:: Your goal ::
Your answer must be only the lines below from the one containing "14K Yellow 17.2x16 mm Fleur-de-Lis Earrings" through the one containing "Đồ họa BBC. |", copied exactly, with the pictures left out.

:: Dataset records ::

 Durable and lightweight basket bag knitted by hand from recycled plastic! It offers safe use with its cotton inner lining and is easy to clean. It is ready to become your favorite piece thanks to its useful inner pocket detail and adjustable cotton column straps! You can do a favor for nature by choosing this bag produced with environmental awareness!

==

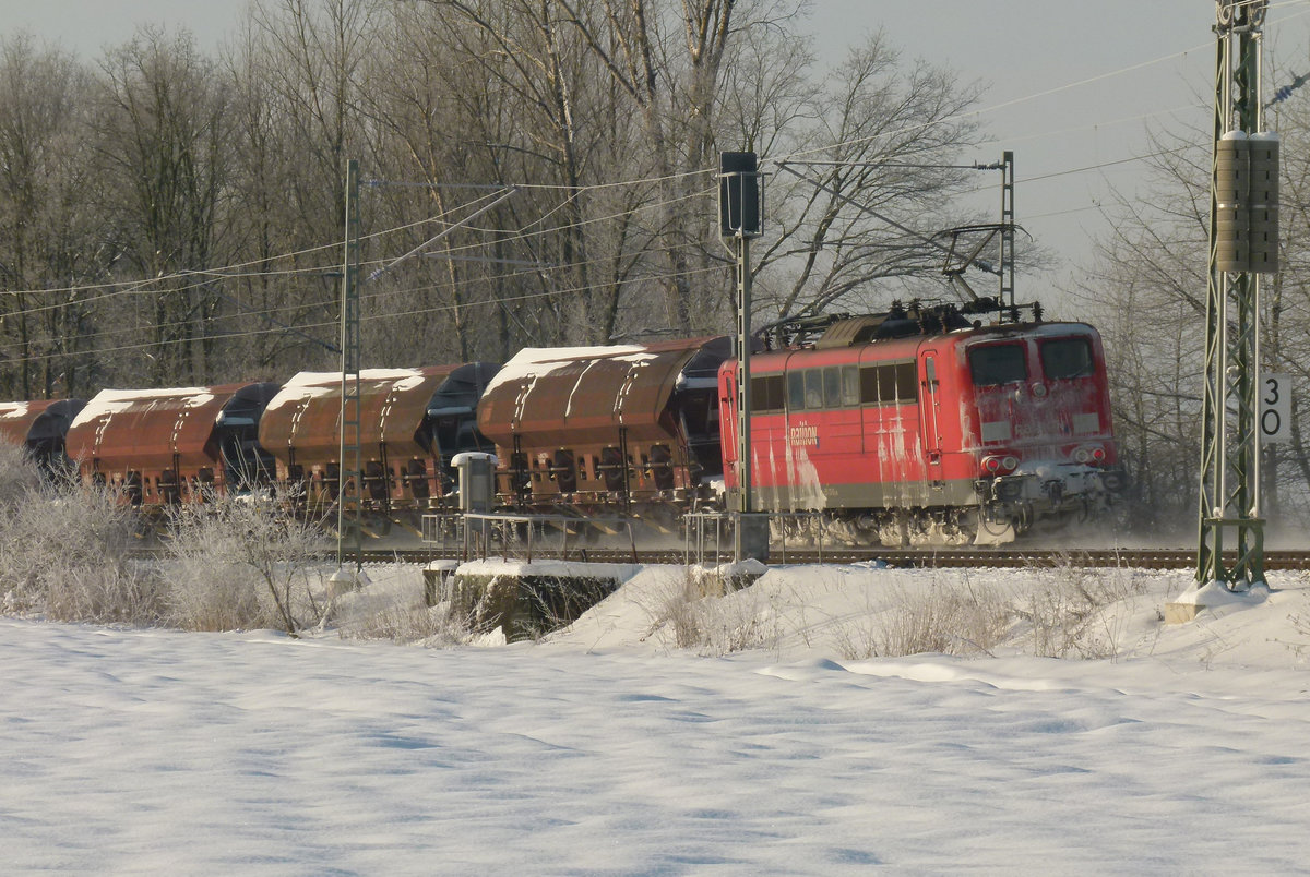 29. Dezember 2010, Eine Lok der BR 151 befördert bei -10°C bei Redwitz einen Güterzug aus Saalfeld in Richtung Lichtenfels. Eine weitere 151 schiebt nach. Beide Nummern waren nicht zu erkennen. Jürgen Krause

==

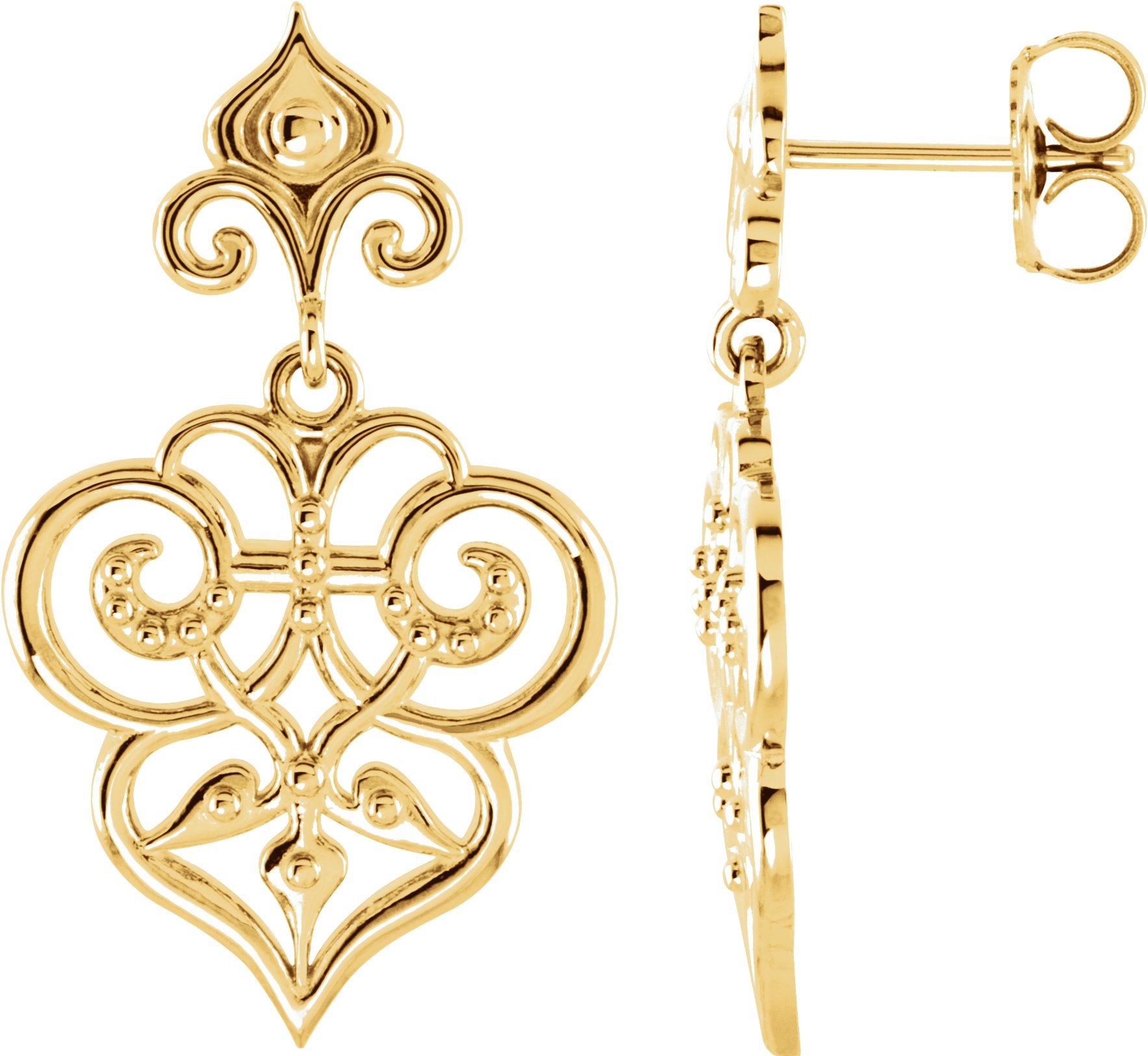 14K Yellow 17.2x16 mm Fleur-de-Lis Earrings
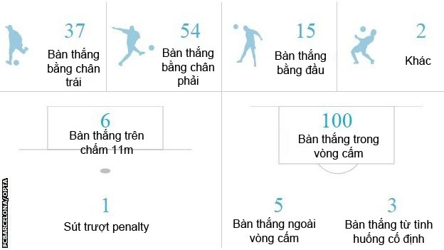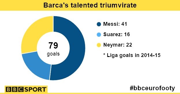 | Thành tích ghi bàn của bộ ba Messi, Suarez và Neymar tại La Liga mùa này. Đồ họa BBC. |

:: Solution to this task ::
 14K Yellow 17.2x16 mm Fleur-de-Lis Earrings
 | Thành tích ghi bàn của bộ ba Messi, Suarez và Neymar tại La Liga mùa này. Đồ họa BBC. |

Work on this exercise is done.